## Work to be completed
From the first line to the last, set down the material exactly and drop every picture.

## Stored data
::::::::::

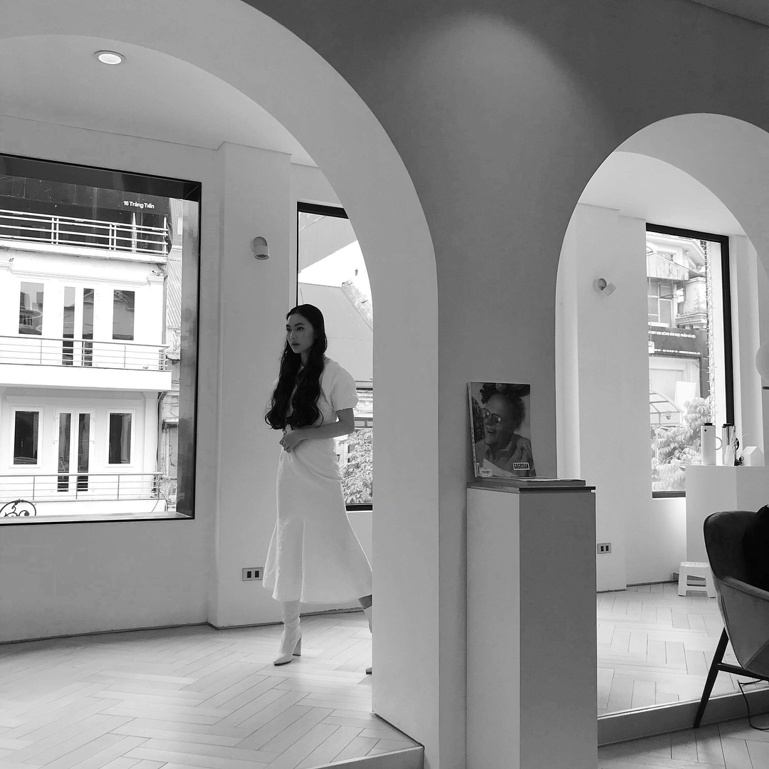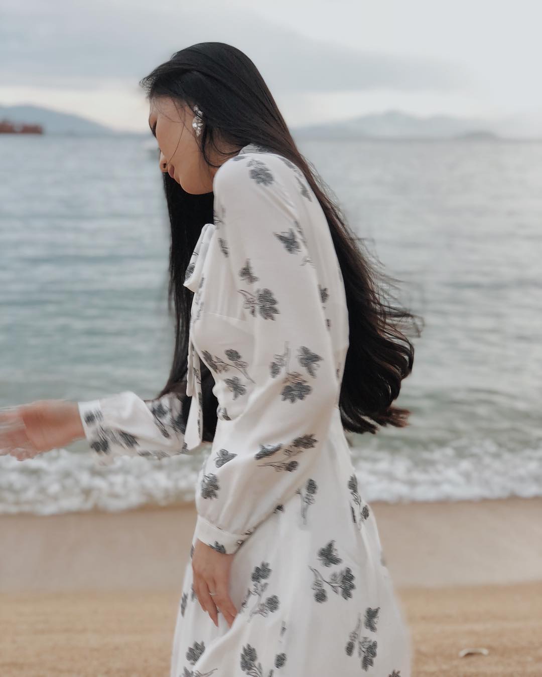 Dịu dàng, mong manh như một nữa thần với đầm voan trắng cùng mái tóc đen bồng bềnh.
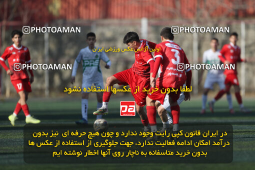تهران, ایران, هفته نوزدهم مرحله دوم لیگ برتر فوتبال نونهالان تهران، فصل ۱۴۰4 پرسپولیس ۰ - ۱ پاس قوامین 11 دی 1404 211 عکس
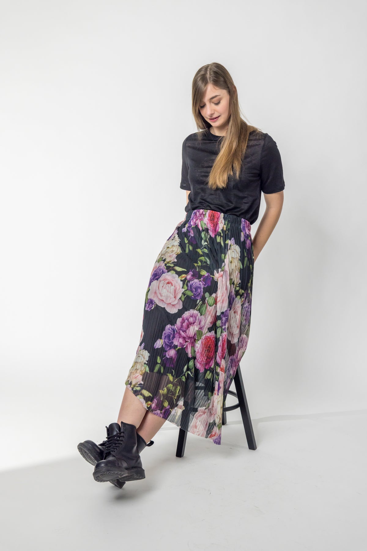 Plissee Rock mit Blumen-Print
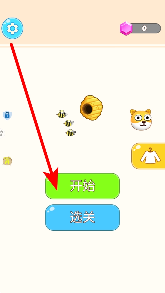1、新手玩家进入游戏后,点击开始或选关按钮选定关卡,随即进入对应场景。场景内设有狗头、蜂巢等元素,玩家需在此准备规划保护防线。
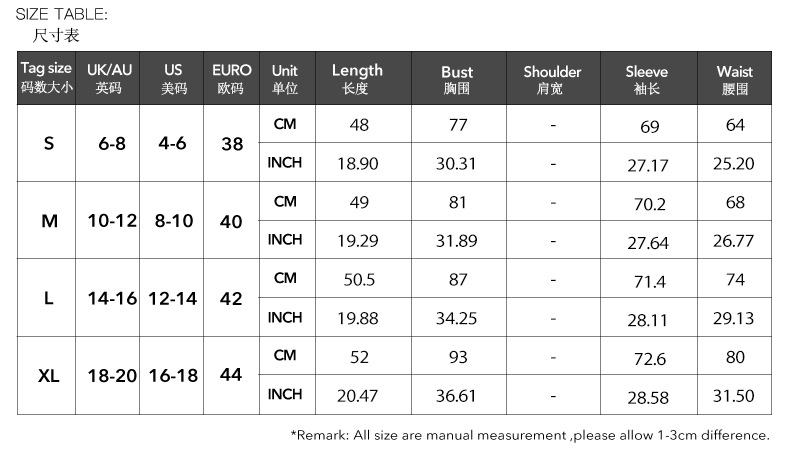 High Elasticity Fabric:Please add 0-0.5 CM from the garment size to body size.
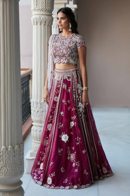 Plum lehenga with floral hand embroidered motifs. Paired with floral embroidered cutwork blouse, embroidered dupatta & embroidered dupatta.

::::::::::

## Exercise response
 Dịu dàng, mong manh như một nữa thần với đầm voan trắng cùng mái tóc đen bồng bềnh.
تهران, ایران, هفته نوزدهم مرحله دوم لیگ برتر فوتبال نونهالان تهران، فصل ۱۴۰4 پرسپولیس ۰ - ۱ پاس قوامین 11 دی 1404 211 عکس
 Plissee Rock mit Blumen-Print
1、新手玩家进入游戏后,点击开始或选关按钮选定关卡,随即进入对应场景。场景内设有狗头、蜂巢等元素,玩家需在此准备规划保护防线。
 High Elasticity Fabric:Please add 0-0.5 CM from the garment size to body size.
 Plum lehenga with floral hand embroidered motifs. Paired with floral embroidered cutwork blouse, embroidered dupatta & embroidered dupatta.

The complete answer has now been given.